◆ Instructions for the task
Once the pictures are set aside, retype the remaining entries exactly.

◆ Stored items from a collection
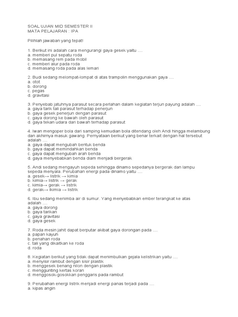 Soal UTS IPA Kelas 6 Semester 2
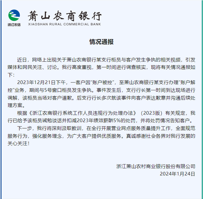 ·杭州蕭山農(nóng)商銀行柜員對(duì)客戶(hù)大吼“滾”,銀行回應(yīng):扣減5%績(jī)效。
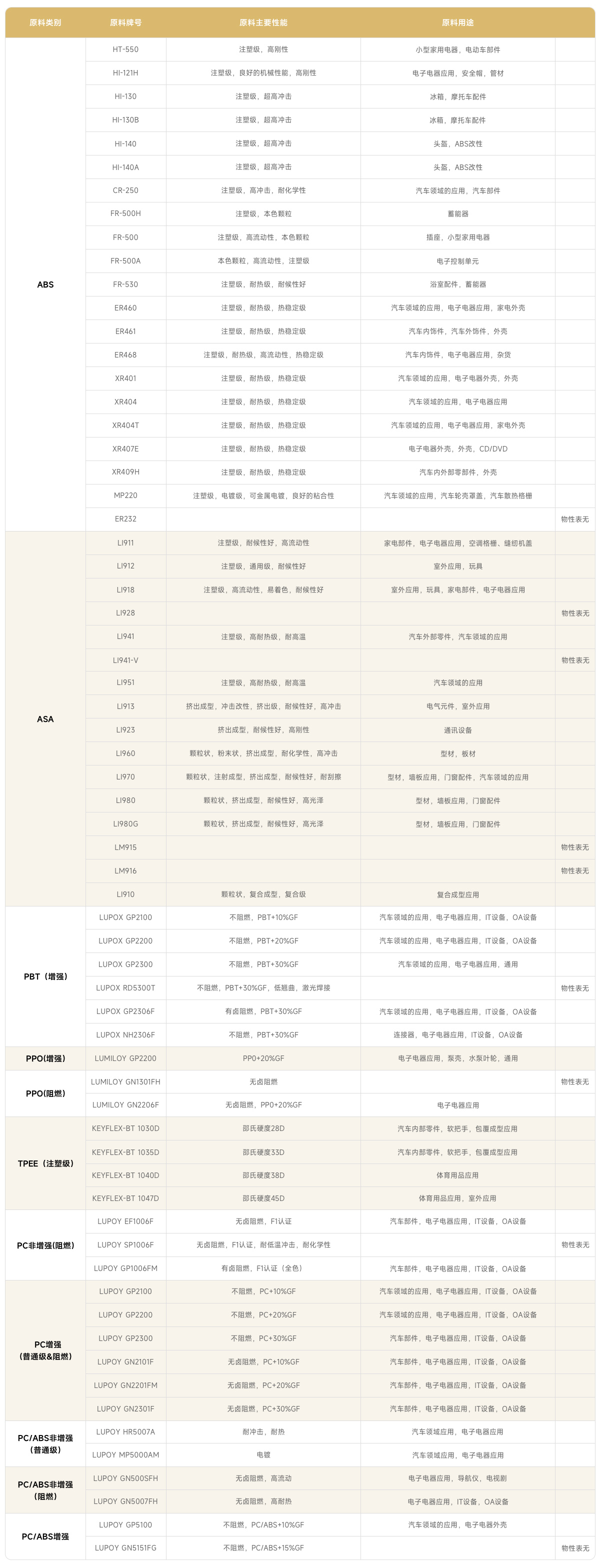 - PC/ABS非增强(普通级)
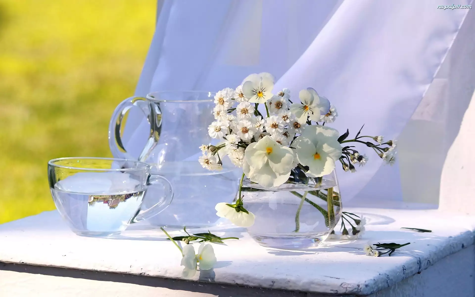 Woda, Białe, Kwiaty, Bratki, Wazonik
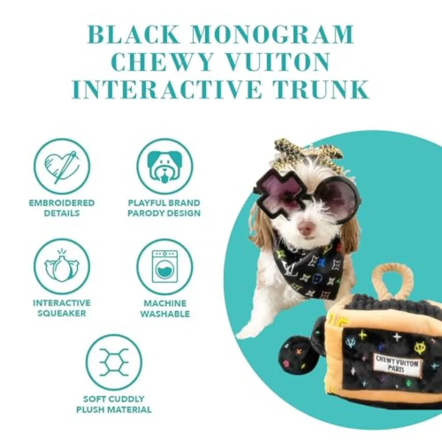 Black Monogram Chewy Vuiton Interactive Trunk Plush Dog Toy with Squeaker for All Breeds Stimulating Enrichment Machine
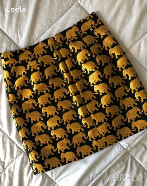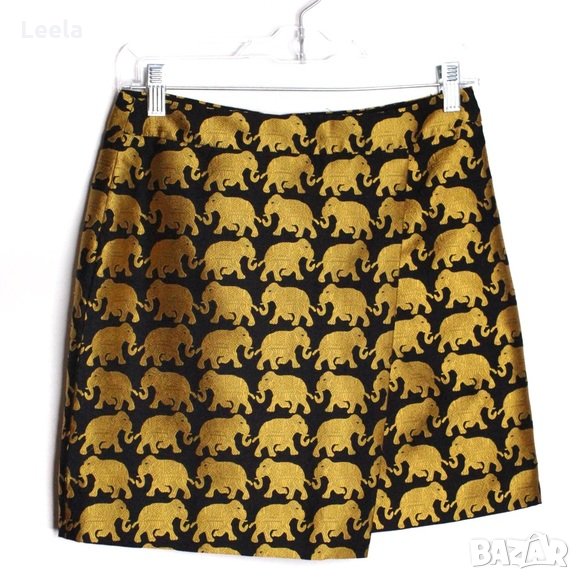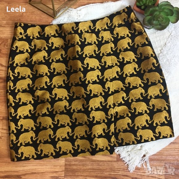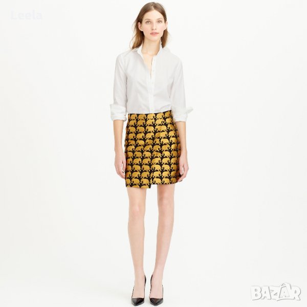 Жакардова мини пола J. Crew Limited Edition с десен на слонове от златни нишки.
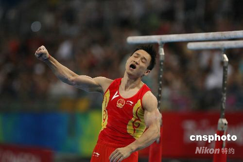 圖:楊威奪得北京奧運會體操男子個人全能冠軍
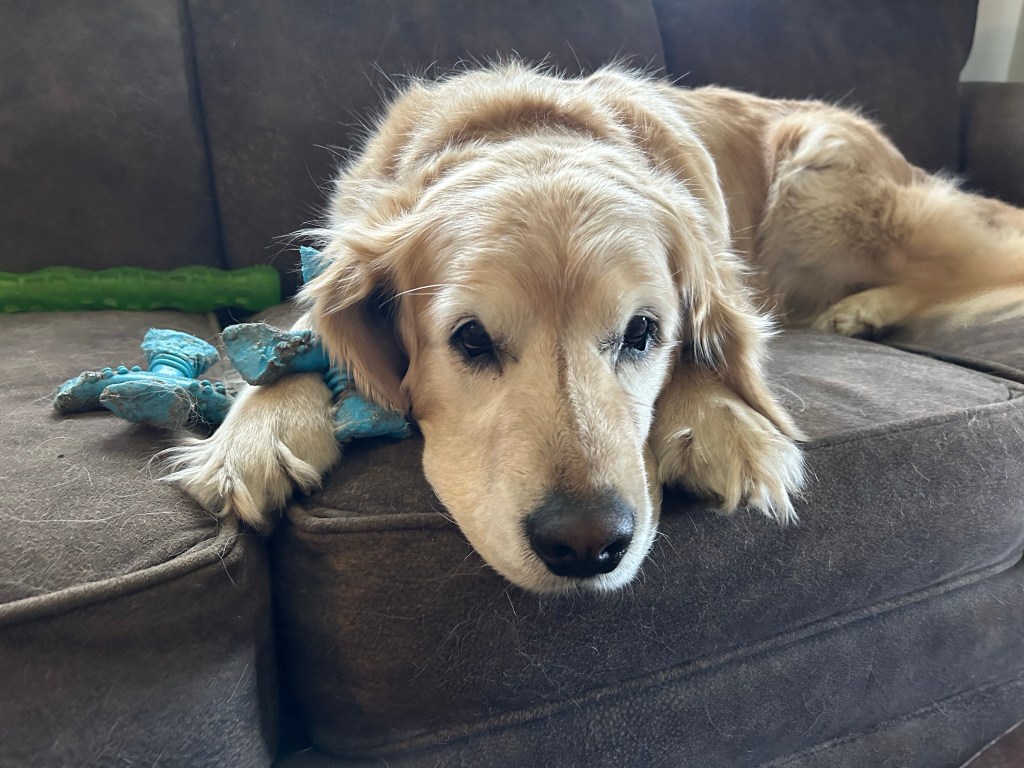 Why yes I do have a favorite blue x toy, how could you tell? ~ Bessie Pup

◆ Answer space
 Soal UTS IPA Kelas 6 Semester 2
 ·杭州蕭山農(nóng)商銀行柜員對(duì)客戶(hù)大吼“滾”,銀行回應(yīng):扣減5%績(jī)效。
 - PC/ABS非增强(普通级)
 Woda, Białe, Kwiaty, Bratki, Wazonik
 Black Monogram Chewy Vuiton Interactive Trunk Plush Dog Toy with Squeaker for All Breeds Stimulating Enrichment Machine
 Жакардова мини пола J. Crew Limited Edition с десен на слонове от златни нишки.
 圖:楊威奪得北京奧運會體操男子個人全能冠軍
 Why yes I do have a favorite blue x toy, how could you tell? ~ Bessie Pup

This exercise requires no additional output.